Кто-нибудь отметит одну странность в жизни Мусоргского: в его жизни не было женщин, романа. Только в самом конце его короткой, пьяной, точно растерзанной жизни, мелькает имя певицы Леоновой, с какой он в 1879 году давал не очень удачные концерты по России.
Певица Леонова позже рассказывала, что Мусоргский страдал устрашающими, черными галлюцинациями алкоголиков. В эти времена он уже носил случайное платье с чужого плеча, какое ему покупали у старьевщиков. Он пропивал все, и свои нищенские одежды.
Он был всегда одинок, но в три-четыре последних года жизни он был заброшен всеми.
С концом его жизни будет упомянут и скромный дом Наумова, на Пятой линии Васильевского острова, куда Мусоргский, уже опустившийся пропойца, иногда приходил искать ночлега.
Можно было бы также собрать немало самодовольных и покровительственных критических статей о Мусоргском, дружеских отзывов современников, свысока, хотя бы таких, как статья Цезаря Кюи о постановке «Бориса Годунова» в январе 1874 года, о «рублевых речитативах и разрозненности музыкальных мыслей автора», о всех недостатках его, какие «произошли от незрелости, от того, что автор не довольно строго критически относился к себе, от неразборчивого, спешного сочинительства», и еще много других в том же роде.
Впрочем, тот же Цезарь Кюи великодушно подарил Мусоргскому, простуженному после запоя, обширный зеленый халат, стеганный на вате, с какого-то плечистого генерала.
Кто-нибудь полюбопытствует, может быть, и выписками из бухгалтерских книг нотного издательства господина Бесселя, как сочинитель музыки Мусоргский и второй гильдии купец Бессель заключили между собою условие на продажу им, сочинителем, ему, второй гильдии купцу, оперы «Борис Годунов» и целого сборника музыки, причем сочинитель с 1 сентября 1871 года по 1 сентября 1875 года получил, на круг, от издателя 701 рубль 50 копеек, а за песню Марфы сочинитель не получил ничего, а за отдельные романсы и песни Бессель платил ему не больше, чем по 20 рублей.
Мусоргский спивался. Приятели и музыкальные друзья покровительствовали ему по одной любви к ближнему. Друзья, например Стасов, не раз брались отыскивать его по низкопробным кабакам, среди всякой человеческой дряни, спасать из подвалов пропойц, ободранного и распухшего от водки.
Мусоргский, конченый человек, шел ко дну. Нередко его выгоняли с квартиры, нечем было платить хозяину. И были такие ночи, когда он, с тощим чемоданом, набитым нотами и бельем, бродил без ночлега по Питеру. Чемодан, одна крышка порвана, с отставшей папкой, хлопал его по ногам. Спьяна он терял по улицам ноты и чулки, ком смятых рубах и обрывок ковра с персианкой и лютней, – точно терял свою последнюю земную оболочку.

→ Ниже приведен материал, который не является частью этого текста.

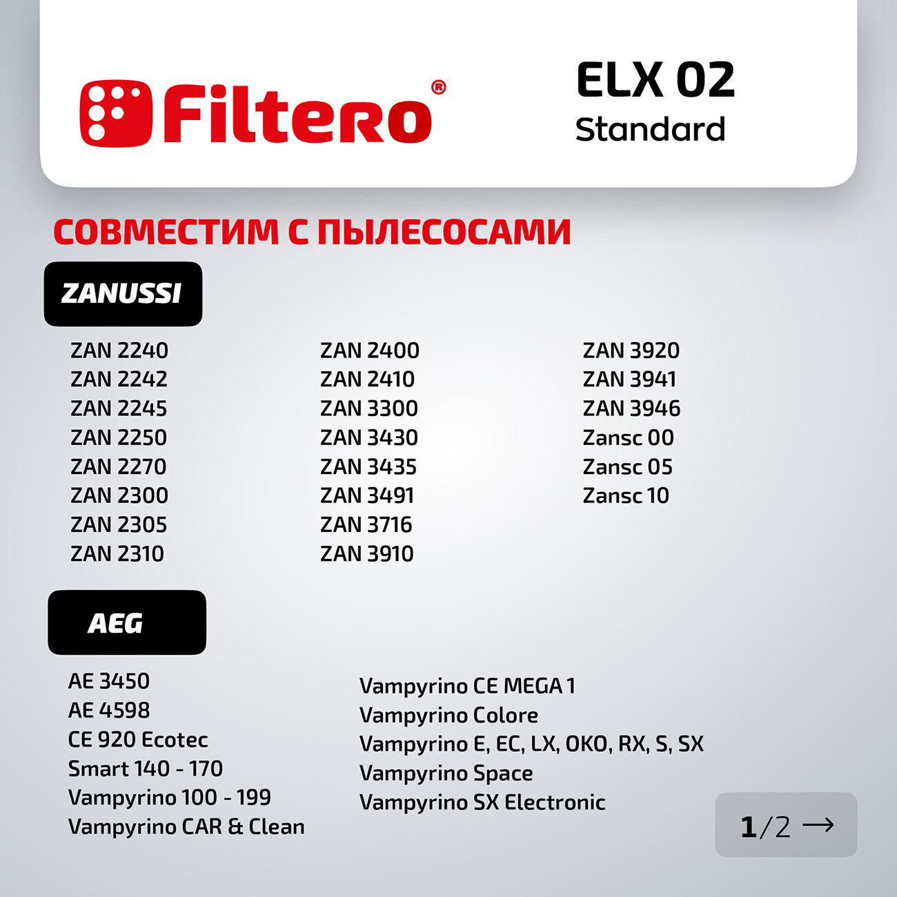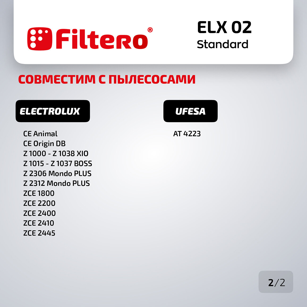 Бумажные пылесборники рассчитаны на установку в пылесосы AEG, Electrolux, Thomas, Ufesa, Zanussi. Мешки-пылесборники производятся на оборудовании, которое отвечает нормам стандартов отрасли. Набора, состоящего из 5 Filtero ELX 02 Standard, хватит на несколько месяцев использования.
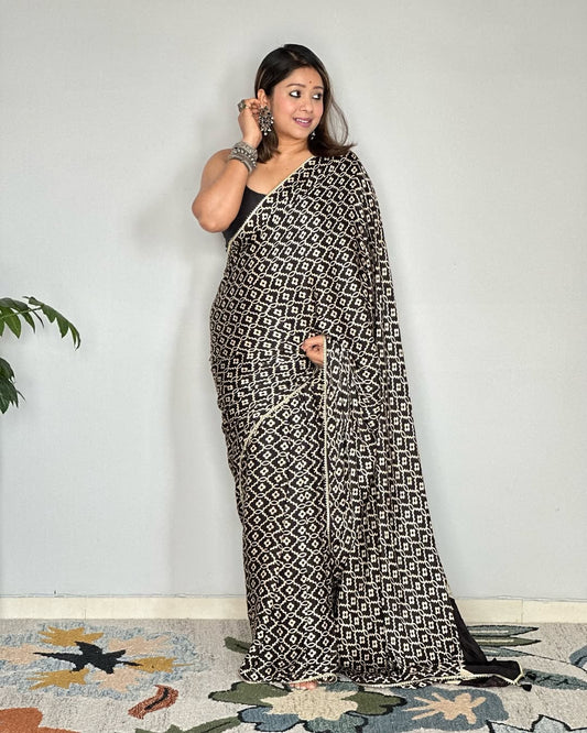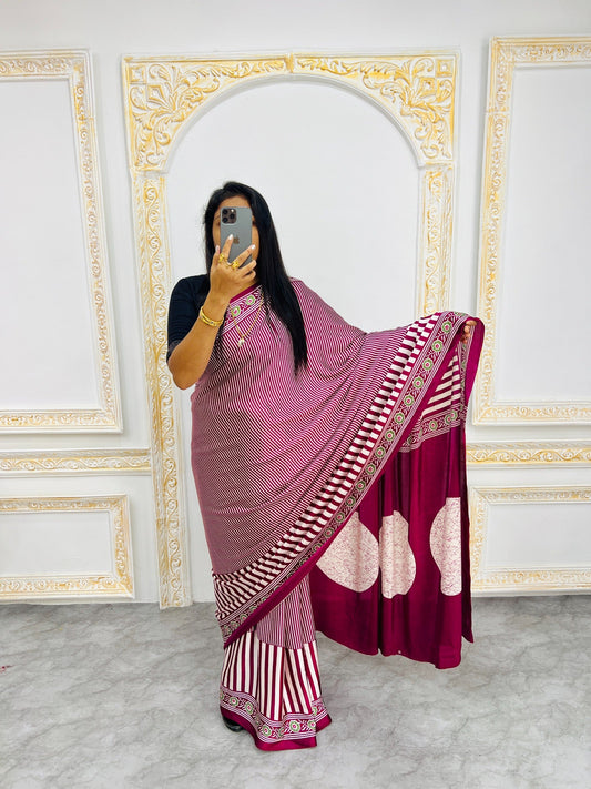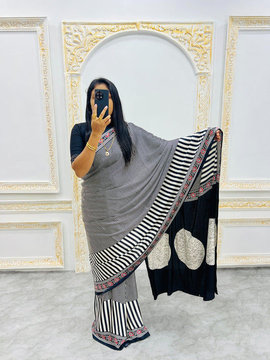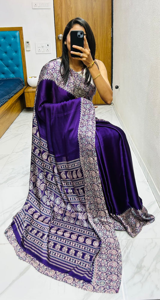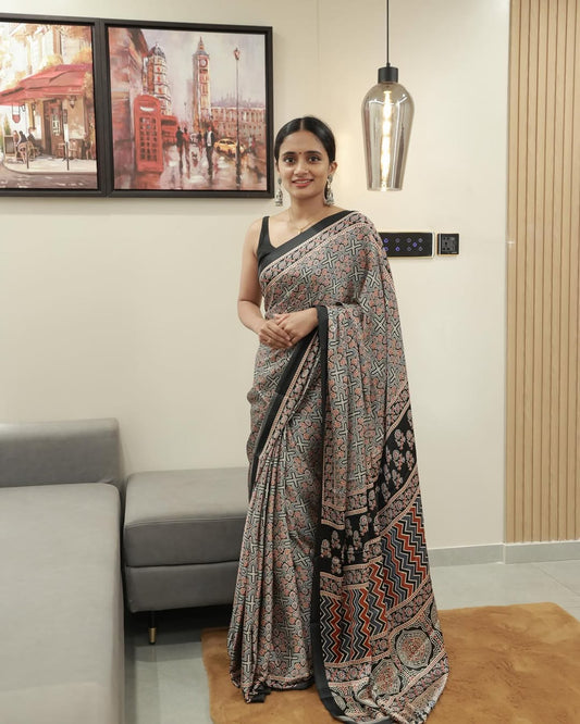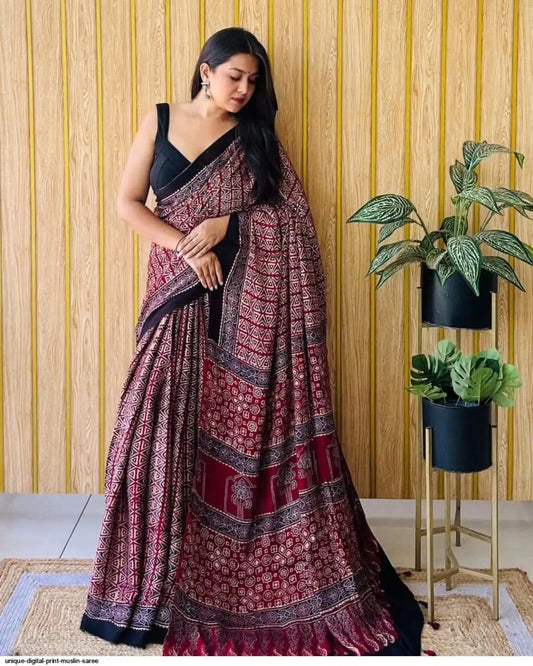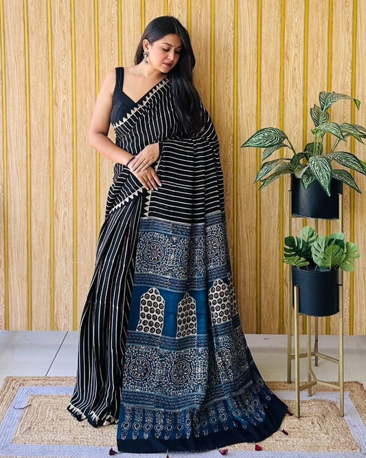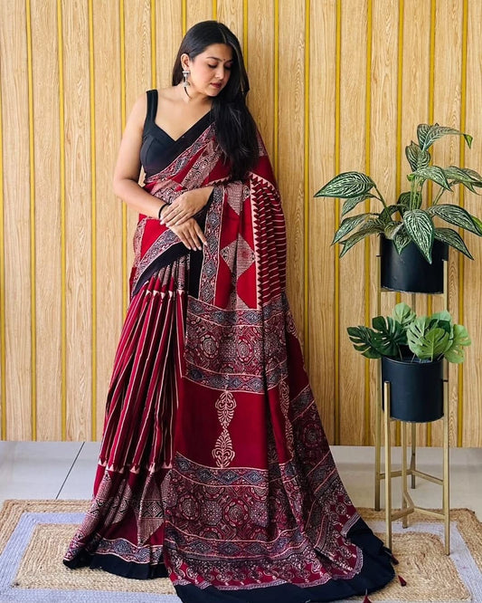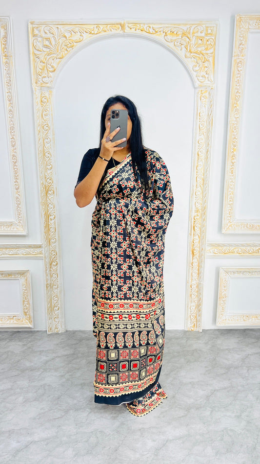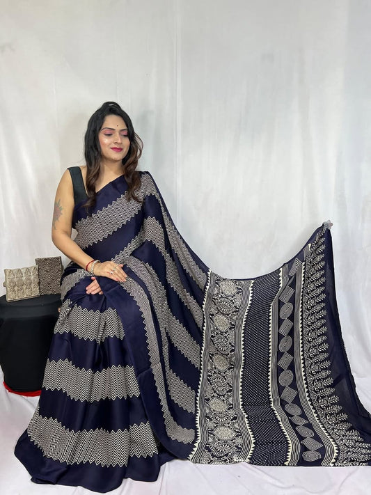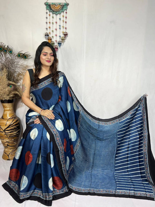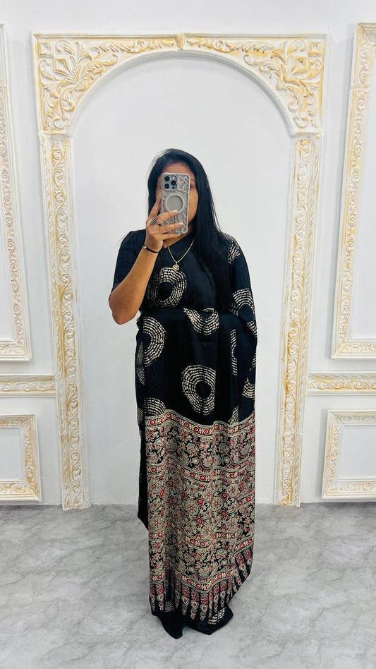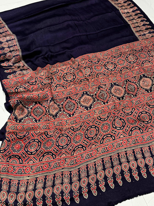 New Ajrakh Modal Silk Ajrakh Fancy Pallu Saree Available in modal silk ajrakh natural mill...
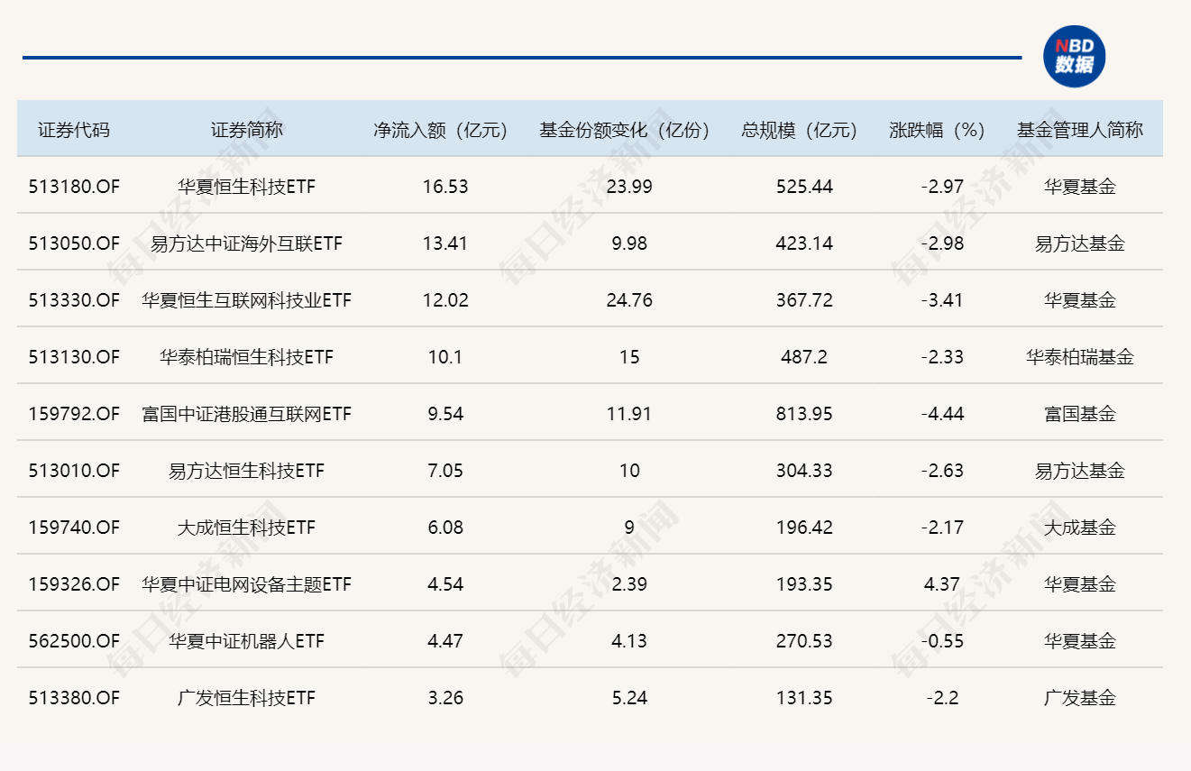 Wind数据显示,在2月24日的非货币ETF市场中,华夏恒生科技ETF基金份额增加23.99亿份,净流入额16.53亿元;易方达中证海外互联ETF基金份额增加9.98亿份,净流入额13.41亿元;华夏恒生互联网科技业ETF基金份额增加24.76亿份,净流入额12.02亿元。
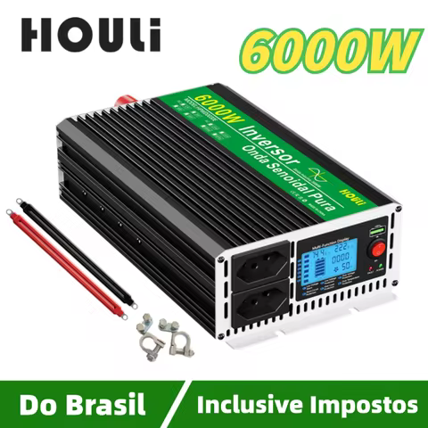 HOULI inversor 12v para 220v senoidal pura 3000W 4000W 5000W 6000W transformador 12v 110v carro USB 60hz conversor do brasil
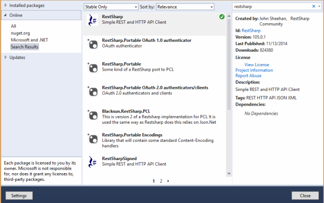 In this article, we will use RestSharp for Windows Phone, a ReST client. Let's add the same from Nuget:
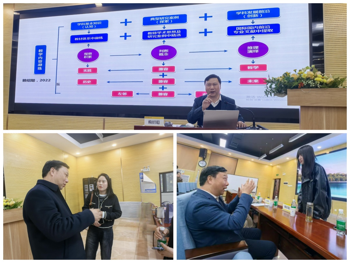 赖绍聪教授以《高效课堂教学秘籍:教什么?怎么教?》为主题,进行了专题报告。他从教育教学目标、教学内容凝练、教学策略选择、教学方法优化等四个方面进行了深入浅出的讲解。他指出,教学过程是教与学双边互动过程,教学是教与学的统一,教为学而存在,学又要靠教来引导,二者相互依存,相互作用。课堂上,他结合自己丰富的教学经验和深厚的学术底蕴,深入浅出地阐述了高效课堂教学的核心要素与实施策略,还特别分享了其独创的教学方法。这些亮点内容引发了教师们的强烈共鸣与深入思考。他还特意安排了互动环节,与教师们就教学问题进行了深入的交流与探讨。
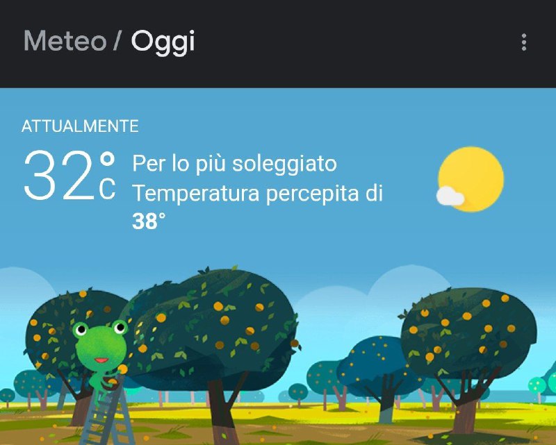 buongiorno con i 32 gradi alle 9.30 di mattina con 38 percepiti
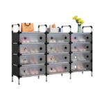 Παπουτσοθήκη δαπέδου με ράφι, με μεταλλικό σκελετό και συρταρωτές θήκες με λεπτή, πλαστική, εύκαμπτη πρόσοψη,
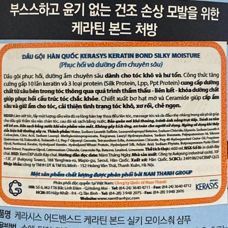 Dầu Gội Kerasys Keratin Dưỡng Ẩm Chuyên Sâu với công thức được kết hợp 3 loại Protein (Silk, Lpp, Ppt) giúp nuôi dưỡng tóc qua 3 bước từ thẩm thấu, liên kết và khóa dưỡng chất, giúp phục hồi mái tóc chắc khỏe từ sâu bên trong.
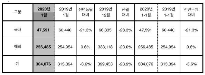 이는 전년 동월 대비 국내 판매는 21.3% 줄었으나 해외 판매가 0.6% 늘면서 전체적으로는 3.6% 감소했다.
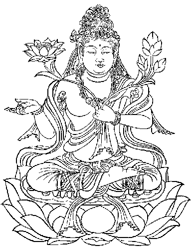 (菩薩)胎藏界觀音院第三行第三位之尊。譯之為「豐財」。又其密號稱為如意金剛,由於其所司掌的是福 德的二門,並施與一切眾生,因此名之為豐財。此尊住於胎藏界曼荼羅觀音院第三行的第三位,其法相在「祕藏記」有云:「白肉色而左手執蓮華,其身旁有使者執蓮華。」左手持二莖蓮花,其一為未敷蓮約三房,伸出左肩上,另一為開敷蓮,伸出右肩上,此即顯示生佛不二之理者。至於其右手,則彎曲無名指、小指兩指,立起其 餘各指,作成如「力印」,舉至肩下,穿上天衣,生於赤蓮之上。
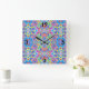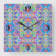Neon Blue, Lime, Purple & Orange Swirl Pattern Square Wall Clock
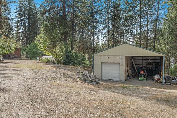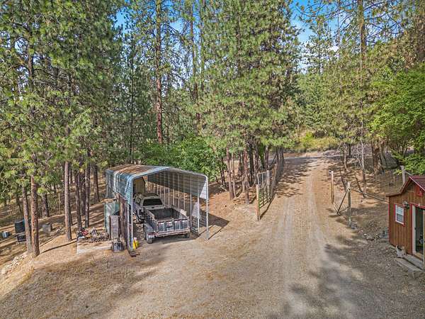 Charming retreat with stunning Lake Roosevelt views and easy access to a public boat launch. Nestled on 2.5 acres, this enchanting 3-bed, 3-bath home offers an idyllic blend of comfort and adventure. From the moment you arrive, you'll be captivated by the park-like landscape, creating a private playground. Enjoy the second-story covered decks, where sweeping water views invite you to unwind with morning coffee or host sunset gatherings. Designed for privacy and versatility, much of the land is fenced for pets or to keep wildlife out as needed. A guest house with a 3/4 bath awaits, plus two additional guest quarters. Additionally, two hobby sheds, a huge shop, as well as an oversized 3 car garage await your projects, creative pursuits and storage.
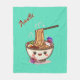😍Super cute image of a cartoon-styled bowl of ramen accented with Japanese flora on a beautiful medium-sized (50" x 60," or size of your choice) teal fleece blanket.
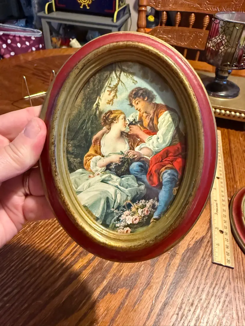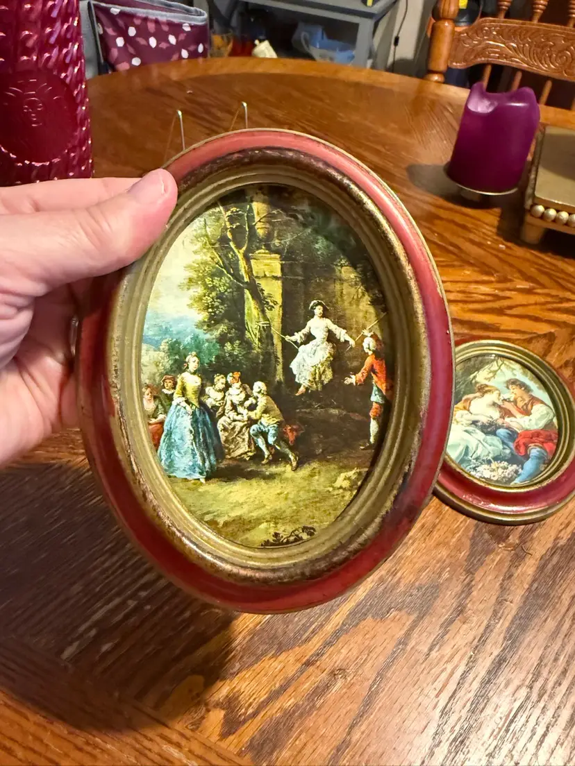 The one with the couple has glass and is in prefect condition the other one has no glass
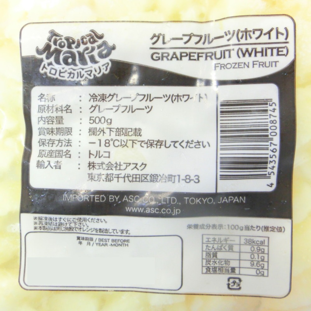 | 商品名 | グレープフルーツ ホワイト 皮むき済み 冷凍 1kg(500gx2)
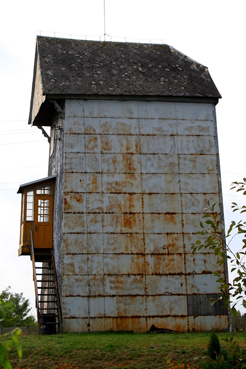 Drewniany wiatrak z 1 poł. XIX w. obity metalową blachą, stan dobry.
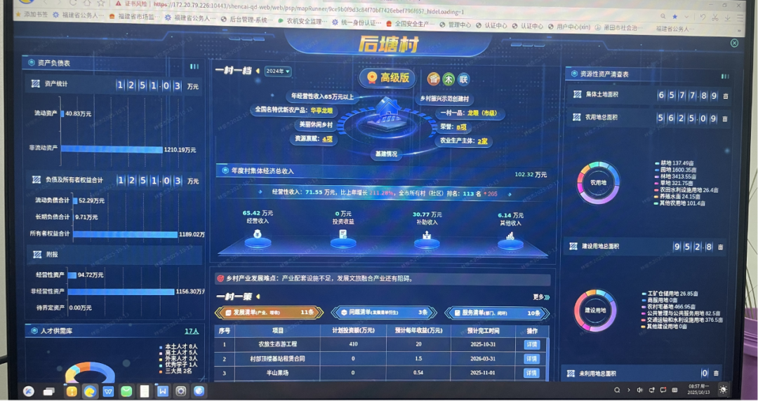 今年以来,在市委组织部、市委农办和市农业农村局的协同推动下,城厢区持续优化“全市一张图”乡村振兴模块,深入推进“一村一档”“一村一策”工作。借助“三资”监管模块,相关部门可清晰掌握各村(居)发展现状与集体资产情况,推动决策更加精准、资源配置更加高效。城厢区依托“全市一张图”平台基础,持续完善“一村一档”数据体系,积极探索构建“一村一策”工作模式。
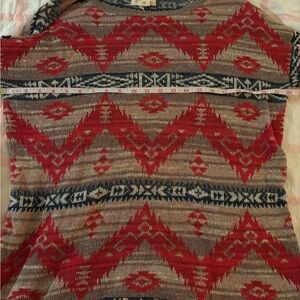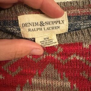 Denim & Supply Ralph Lauren Red and Tan Crew Neck Sweater
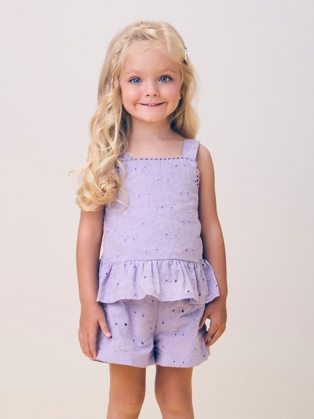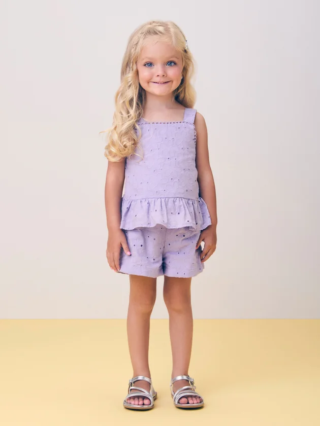 Romântico e cheio de charme! A blusa em laise lilás ganha ainda mais graça com babados aplicados no decote e nas mangas, enquanto o short em tom coordenado traz modelagem soltinha e cós elástico, garantindo conforto e delicadeza. Um look leve, fresco e encantador para os dias quentes.
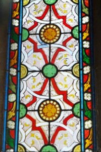 La chapelle, signée par l’entrepreneur Chambroy, est ornée d’un vitrail géométrique avec des fleurs.
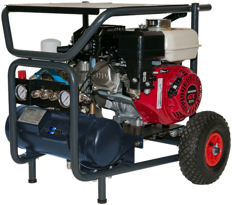 Nabízíme unikátní spojení moderního šroubového kompresoru PRESS-HAMMER a benzinového motoru Honda GX 200. Malý a tichý šroubový kompresor 3,5 kW KPM 3,5 patří svou moderní koncepcí mezi špičkové výrobky. Při výrobě využíváme výhradně systém „Ekompact“ to znamená nejkompaktnější kompresorový systém vyráběný v oblasti stlačeného vzduchu. Tento kompresor lze díky benzínovému motoru Honda použít na staveništi, kde není dostupný elektrický proud. Kompresor je vhodný pro montážní a stavební firmy, hasiče a záchranné jednotky.
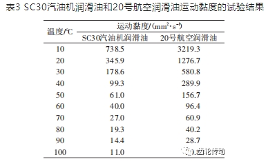 SC30 汽油機潤滑油和20號航空潤滑油運動黏度的試驗結果如表 3所示。

В одну холодную ночь он сидел с чемоданом до рассвета на слепом льве, что с поднятой лапой стоит у Главного штаба.
Он сидел верхом на мраморном льве, скрестивши руки. Нетрезвый, он то дремал, покачиваясь, то просыпался и, дрожа от холода, слушал удивленно и покорно страшную немоту неба и земли и в звуке немоты искал ту мелодию Анны, какую услышал однажды.
Тогда он смутно думал, что это его распятие. Холодное распятие на камне, и так и надо, чтобы был он распят, если не сошла с земли тьма, смерть, грех, и не преображен мир.
Потом его отыскивали, устраивали ночлег, квартиру, снова службу в контроле, приносили в подарок сюртук или шубу с чужого плеча, перепадало несколько кредиток от покровителей, хотя бы от Тертия Ивановича Филиппова или того же Бесселя, и Мусоргский на время поселялся опять либо на Пантелеймоновской, либо на Обводном канале, в том же запущенном доходном доме с проходными дворами, где жил двадцать лет назад молодым Преображенским офицером.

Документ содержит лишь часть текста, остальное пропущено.